About this exercise - Nothing but the lines from the one with "新華社記者 劉衛(wèi)兵 攝" through the last line of the entries below should appear in the copy, please, and no pictures.

Records for processing: Begin

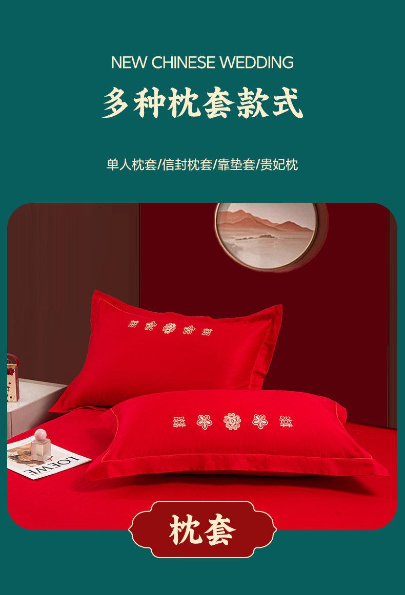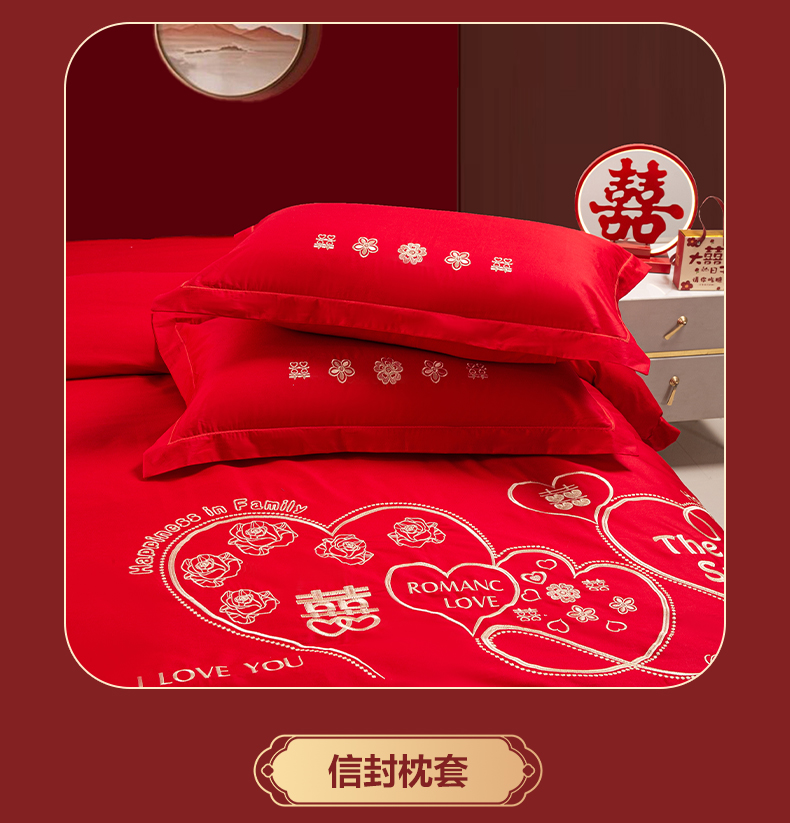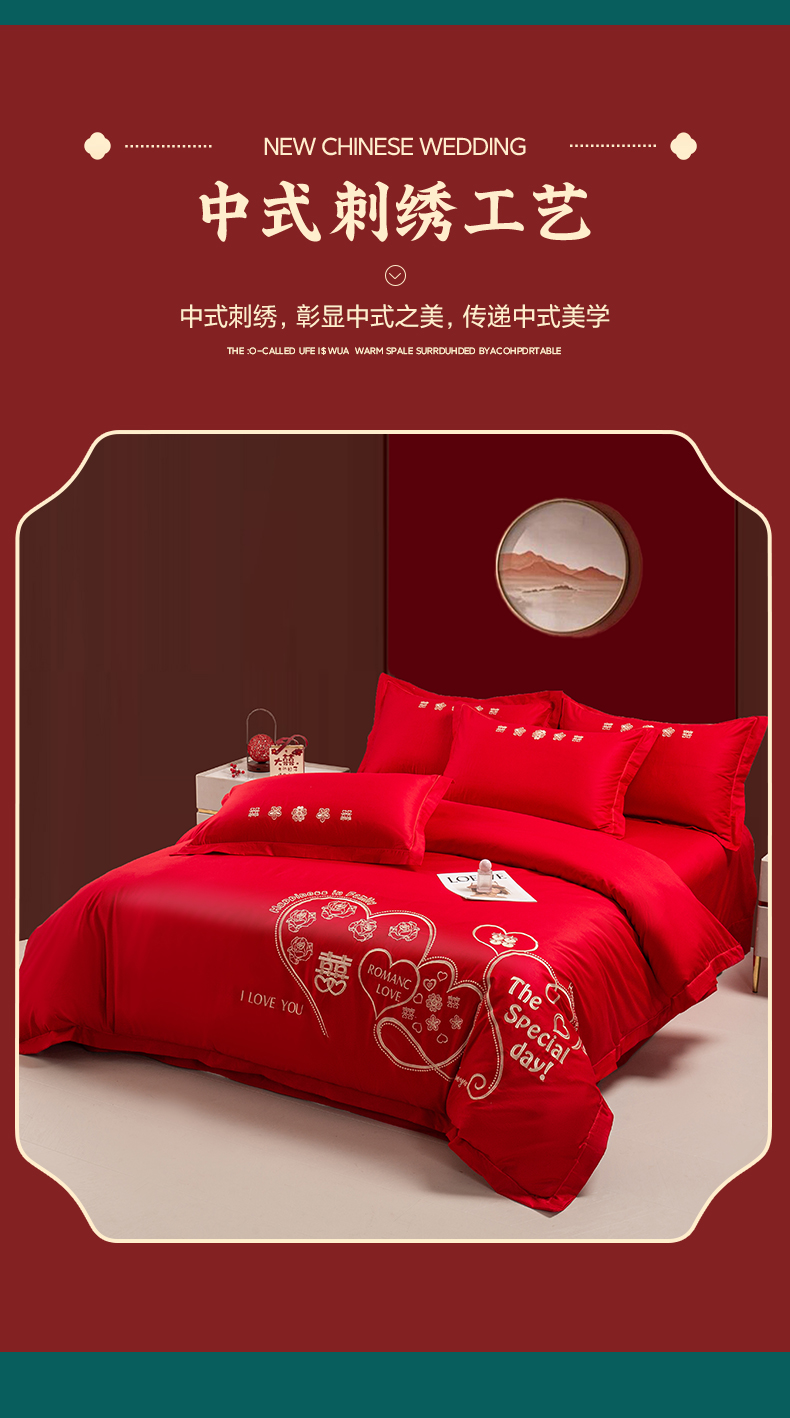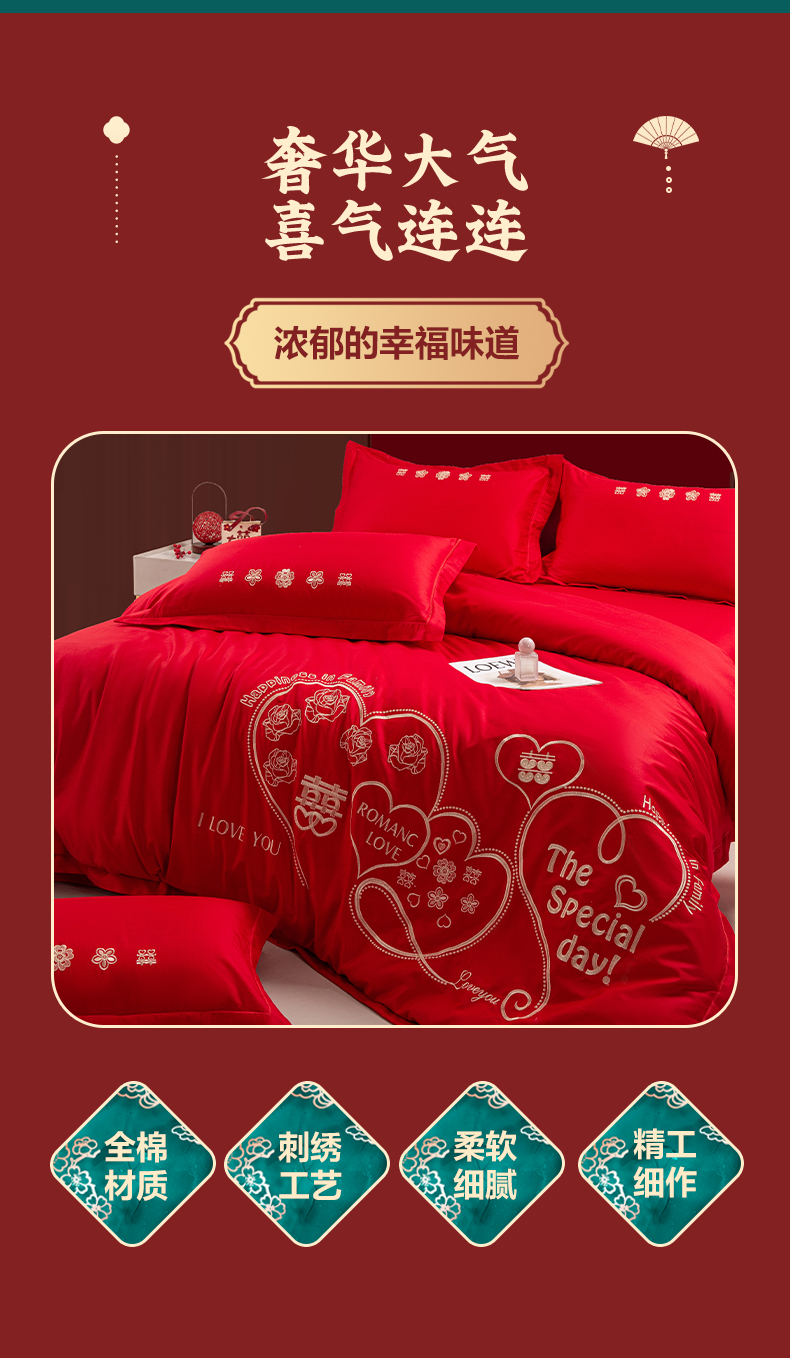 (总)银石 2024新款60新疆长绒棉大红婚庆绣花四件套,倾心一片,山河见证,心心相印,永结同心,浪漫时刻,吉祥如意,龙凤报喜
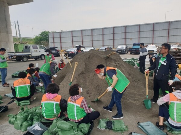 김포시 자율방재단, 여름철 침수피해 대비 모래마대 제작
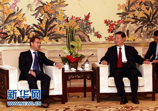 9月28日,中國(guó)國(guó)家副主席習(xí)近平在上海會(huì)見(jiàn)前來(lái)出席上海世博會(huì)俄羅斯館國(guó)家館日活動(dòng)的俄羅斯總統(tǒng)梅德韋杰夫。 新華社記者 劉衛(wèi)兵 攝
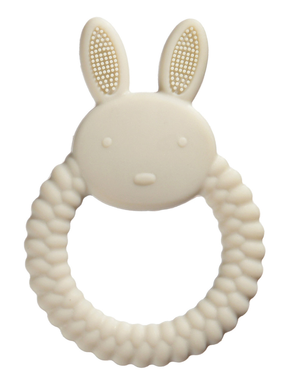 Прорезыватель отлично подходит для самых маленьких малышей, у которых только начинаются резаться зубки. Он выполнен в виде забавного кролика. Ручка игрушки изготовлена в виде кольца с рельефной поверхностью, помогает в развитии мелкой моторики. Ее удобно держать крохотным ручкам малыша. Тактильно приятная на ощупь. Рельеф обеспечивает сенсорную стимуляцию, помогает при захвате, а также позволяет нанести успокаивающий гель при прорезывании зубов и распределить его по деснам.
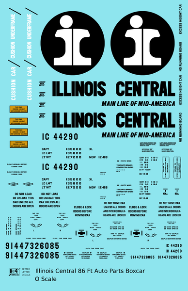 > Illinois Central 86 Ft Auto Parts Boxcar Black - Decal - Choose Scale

Records for processing: End

Written response -
 9月28日,中國(guó)國(guó)家副主席習(xí)近平在上海會(huì)見(jiàn)前來(lái)出席上海世博會(huì)俄羅斯館國(guó)家館日活動(dòng)的俄羅斯總統(tǒng)梅德韋杰夫。 新華社記者 劉衛(wèi)兵 攝
 Прорезыватель отлично подходит для самых маленьких малышей, у которых только начинаются резаться зубки. Он выполнен в виде забавного кролика. Ручка игрушки изготовлена в виде кольца с рельефной поверхностью, помогает в развитии мелкой моторики. Ее удобно держать крохотным ручкам малыша. Тактильно приятная на ощупь. Рельеф обеспечивает сенсорную стимуляцию, помогает при захвате, а также позволяет нанести успокаивающий гель при прорезывании зубов и распределить его по деснам.
 > Illinois Central 86 Ft Auto Parts Boxcar Black - Decal - Choose Scale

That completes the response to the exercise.